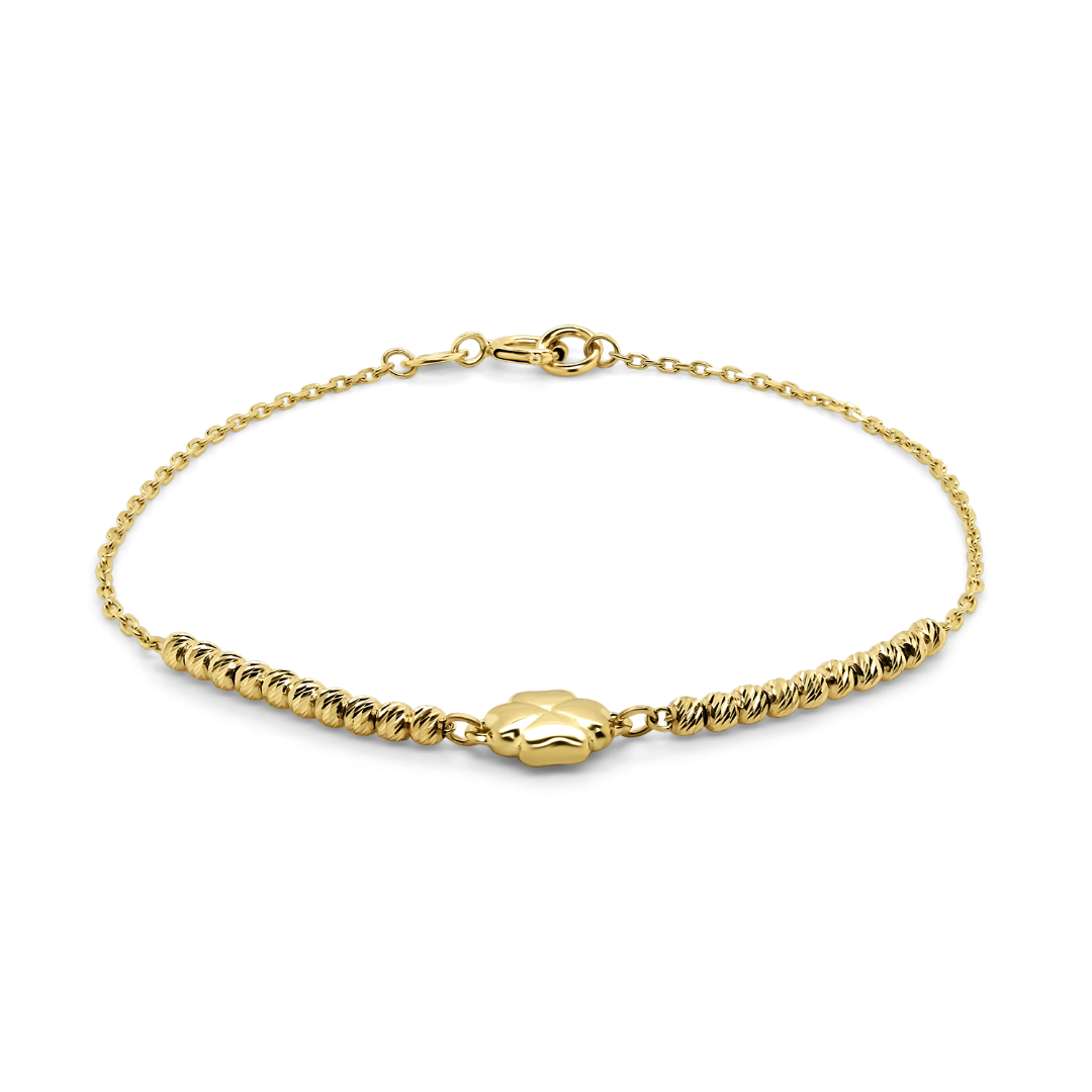Brățară din aur galben de 14K, cu biluțe fațetate și pandant trifoi.
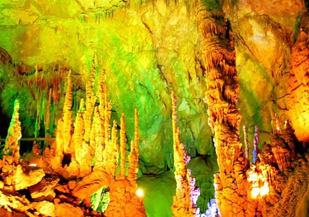 黃山歸來不看岳, 織金洞外無洞天, 瑯嫘勝地瑤池景, 如信天宮在人間。貴州屬于喀斯特巖溶地質(zhì)地貌,故形成了山中有洞洞中有景的地理征,出現(xiàn)了石林、石溝、石牙、峰林、漏斗、天生橋、巖溶湖、瀑布等地表巖溶形態(tài),又有溶洞、地下河、地下湖、鐘乳石、石柱、石筍、石幔等地下巖溶形態(tài)。從而組成了發(fā)育完整、類型多樣、造形奇特、宏偉瑰麗的巖溶洞穴系統(tǒng)。畢節(jié)織金洞便是這之中的姣姣者。織金洞又名打雞洞,位于織金縣境內(nèi)。它由11個(gè)景區(qū),47個(gè)廳堂,150多個(gè)景點(diǎn)組成一個(gè)天然洞穴美景。洞口是花園式的迎賓廳,千奇百異的花草點(diǎn)綴著"雙獅"、"玉蟾"、"飛來石"等石景,迎接著來自遠(yuǎn)方的客人;正午時(shí)分,烈日當(dāng)空,萬道金光從洞頂灑向織金洞,在水蒸氣的繚繞彌漫中彩環(huán)重現(xiàn),陽光下的小水滴恰如一串串晶瑩而透明的珍珠散落人間,其境美不勝收,其意可幻可切。琳瑯滿目的鐘乳石,大的數(shù)十丈,小的如手掌,織金洞的銀雨樹,是一種罕見的花狀透明結(jié)晶體,從白玉似的托盤中沖天而起達(dá)17米,亭亭玉立、珠光寶氣;水晶宮又名雪香宮,宮內(nèi)的鐘乳石表面皚皚石雪,頂頭冰柱高掛,地上石筍密布,幌如東海龍宮。
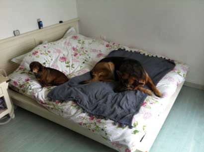 Hallo Frau Herr, Ich sende ihnen einige Fotos von Uria, den wir seit Oktober haben. Am Anfang war es schwierig weil er aggressiv war, aber dann haben wir ihn kastrieren lassen und mit der Zeit hat er auch verstanden dass er's bei uns schön hat. Seit dem geht es besser, machmal aber spinnt er trotzdem noch ein wenig... Jetzt schläft er sogar jede Nacht mit uns auf dem Bett. Ab und zu haben wir auch Tina dabei (den Schäferhund!!!) vieleicht sollten wir ein grösser Bett kaufen!!!!!!! Und noch ein paar Katzen dazu nehmen!!!!! Cordialement Christiane und Denis
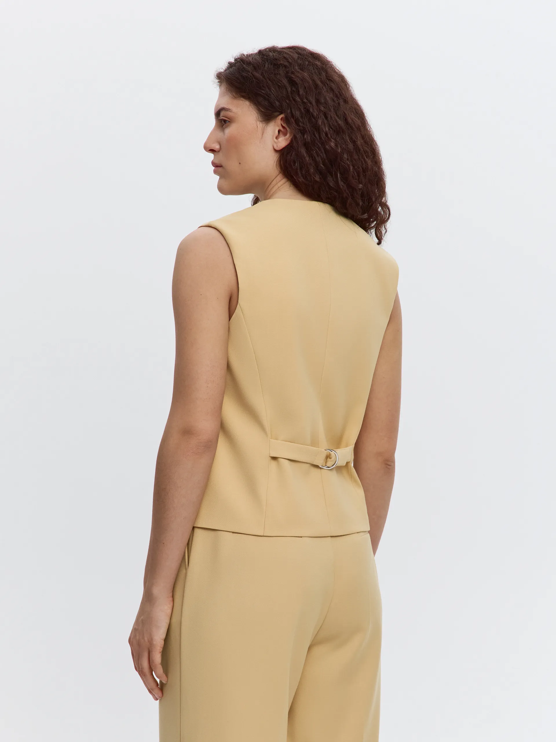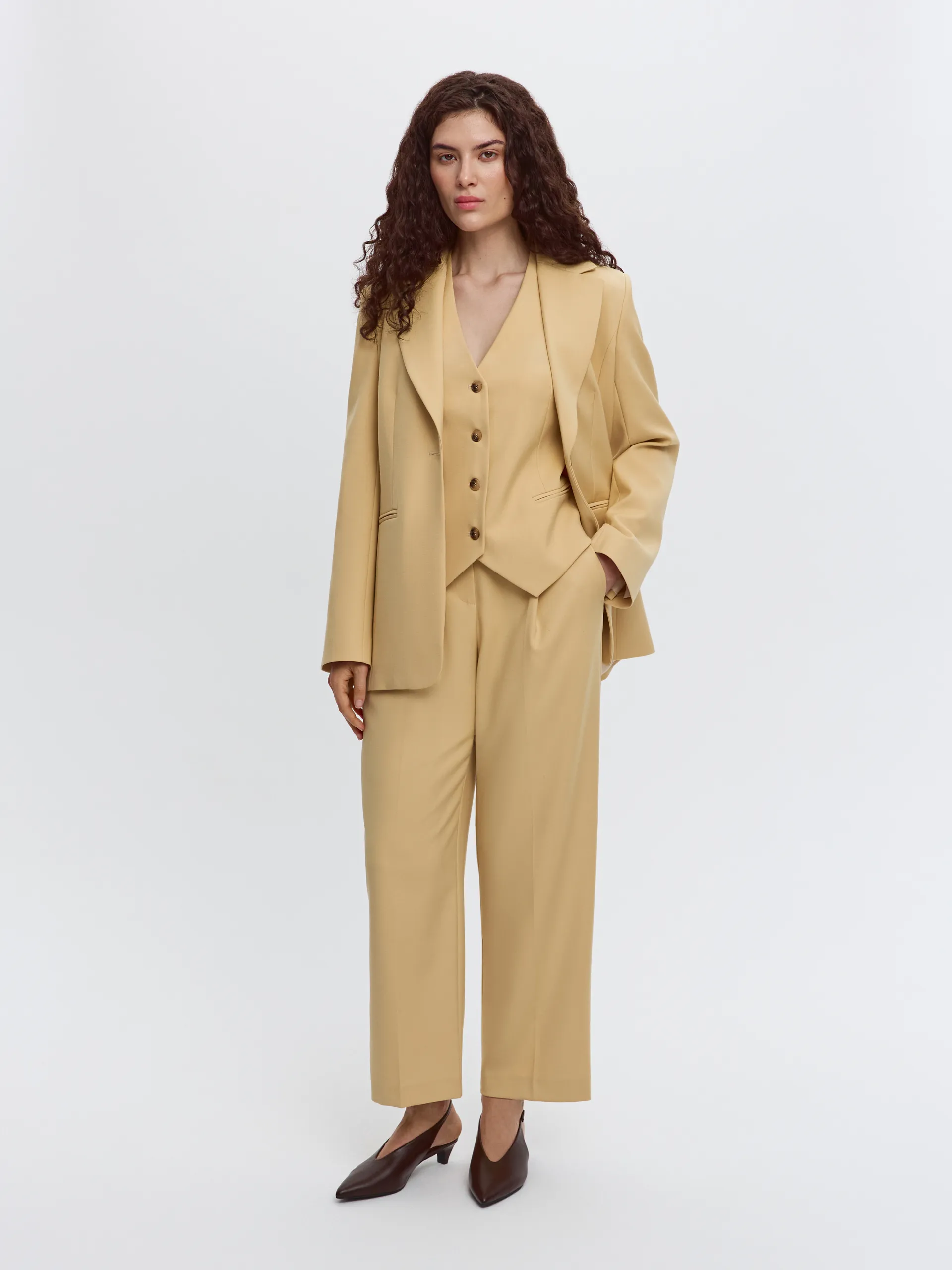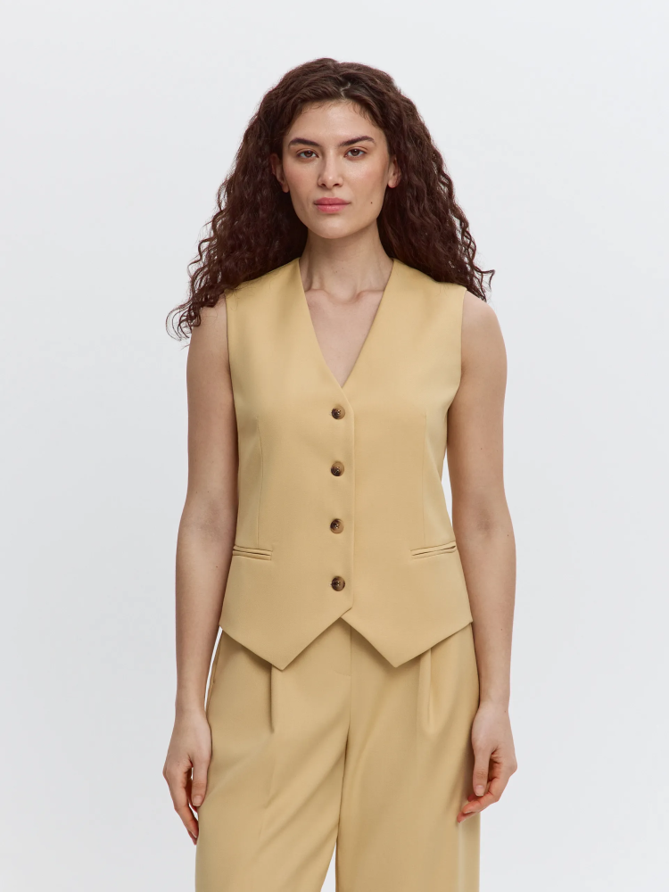 Модель прямого силуэта подходит практически любому типу фигуры. Плотная ткань хорошо держит форму и надолго сохраняет первоначальный внешний вид. Спинка жилета декорирована аккуратным ремешком. Стилизуйте образ строгой блузкой для делового аутфита, добавьте брюки и элегантные лодочки. А для неформального образа подберите oversize футболку, голубые джинсы и грубые ботинки. Жилет также можно носить, как самостоятельную часть образа - без нижнего слоя.
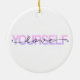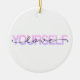 Lightweight, smooth, pure white ornament with nice sheen. Perfect size to be seen from across the room ... and to attract closer inspection! Price was great for ordering enough for the whole family! Clear, bold black design just as requested. Matches the order exactly. Just so nice!
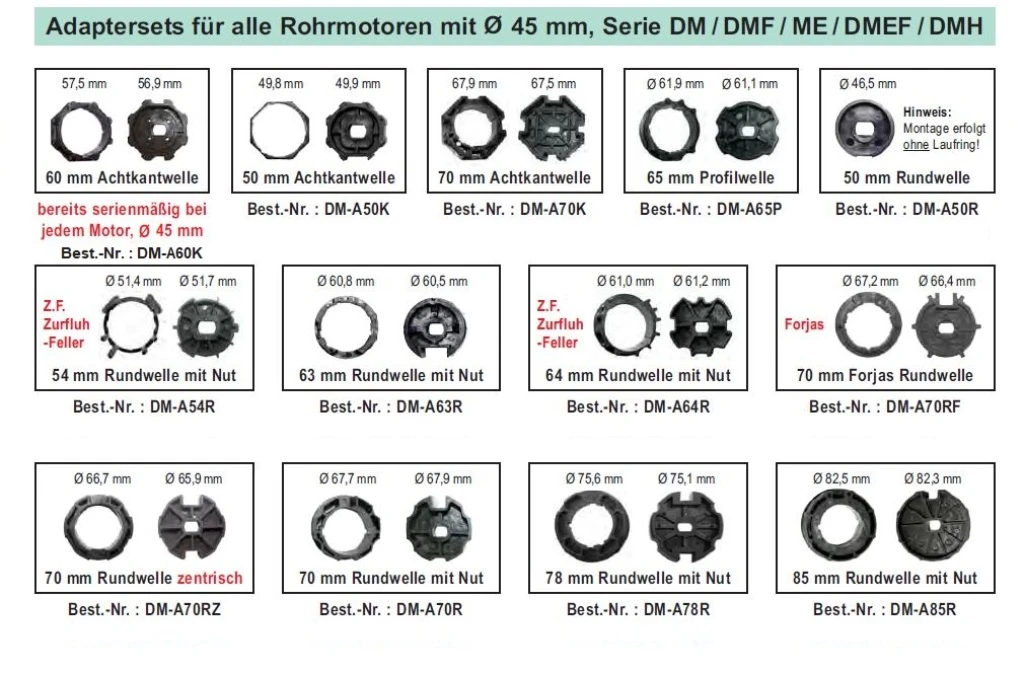 WTS - Adapterset DM-A50K : 50 mm Achtkantwelle für alle Rohrmotoren Ø 45 mm, Serie
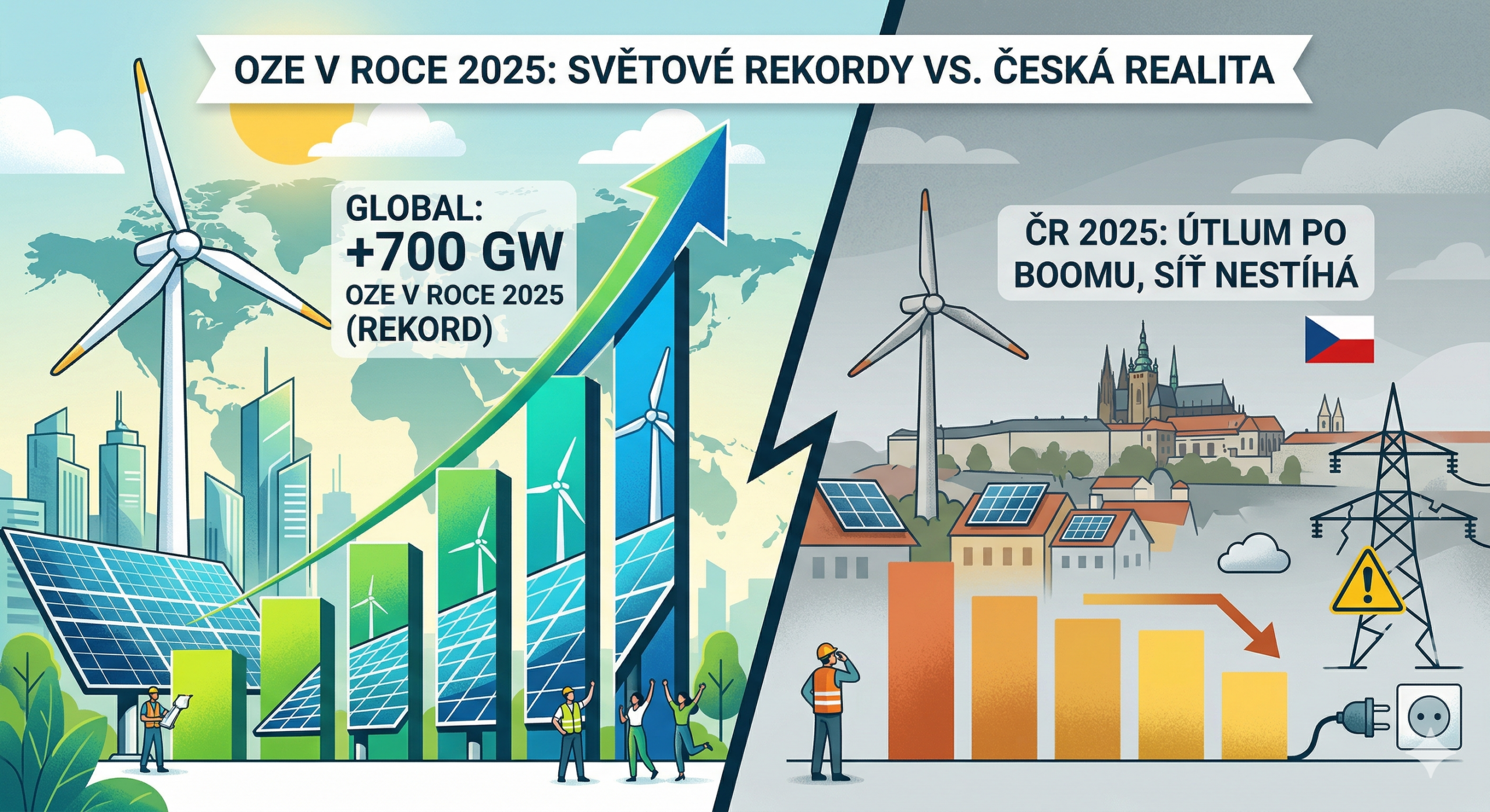 Zatímco Mezinárodní agentura pro obnovitelnou energii (IRENA) hlásí za rok 2025 historický milník v instalovaném výkonu, tuzemský trh prochází po letech překotného růstu fází stagnace.
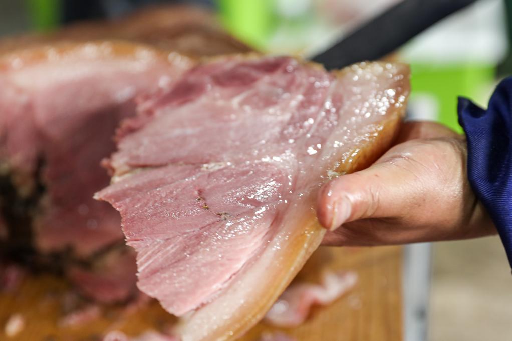 1月23日,在陇西县巩昌镇六一村“镇北腊肉”加工作坊内,陇西腊肉制作技艺省级代表性传承人张营军展示煮熟的腊肉成色。新华社记者 郎兵兵 摄
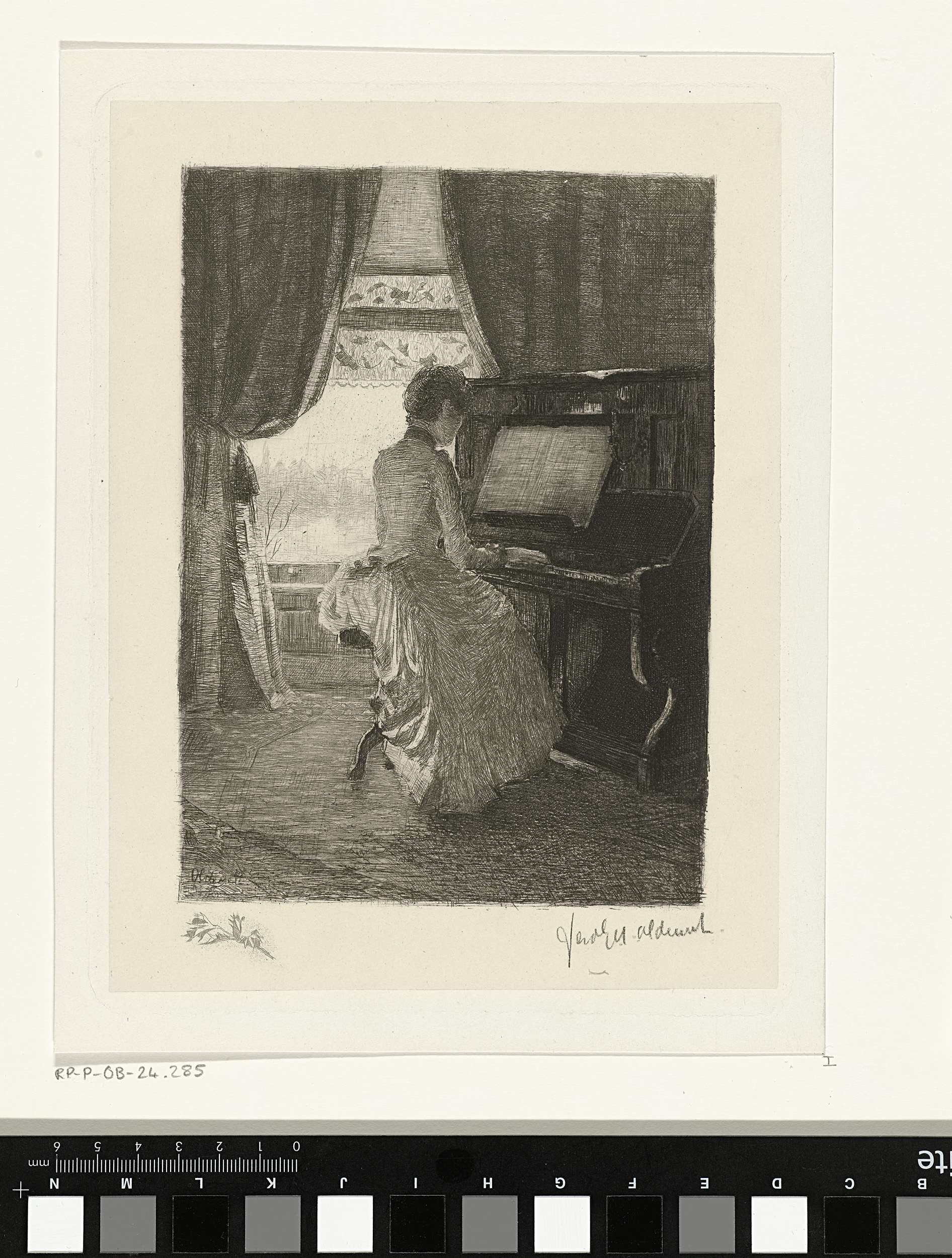 Een jonge vrouw (volgens een annotatie op een andere staat mevr. Koeleman-Van Wou) speelt piano. Op de achtergrond is door het raam een stadsgezicht herkenbaar.
·····
Your reply should give again exactly the lines from the one with "Zatímco Mezinárodní agentura" through the last line of the data, with both ends included and pictures left out.

 Zatímco Mezinárodní agentura pro obnovitelnou energii (IRENA) hlásí za rok 2025 historický milník v instalovaném výkonu, tuzemský trh prochází po letech překotného růstu fází stagnace.
 1月23日,在陇西县巩昌镇六一村“镇北腊肉”加工作坊内,陇西腊肉制作技艺省级代表性传承人张营军展示煮熟的腊肉成色。新华社记者 郎兵兵 摄
 Een jonge vrouw (volgens een annotatie op een andere staat mevr. Koeleman-Van Wou) speelt piano. Op de achtergrond is door het raam een stadsgezicht herkenbaar.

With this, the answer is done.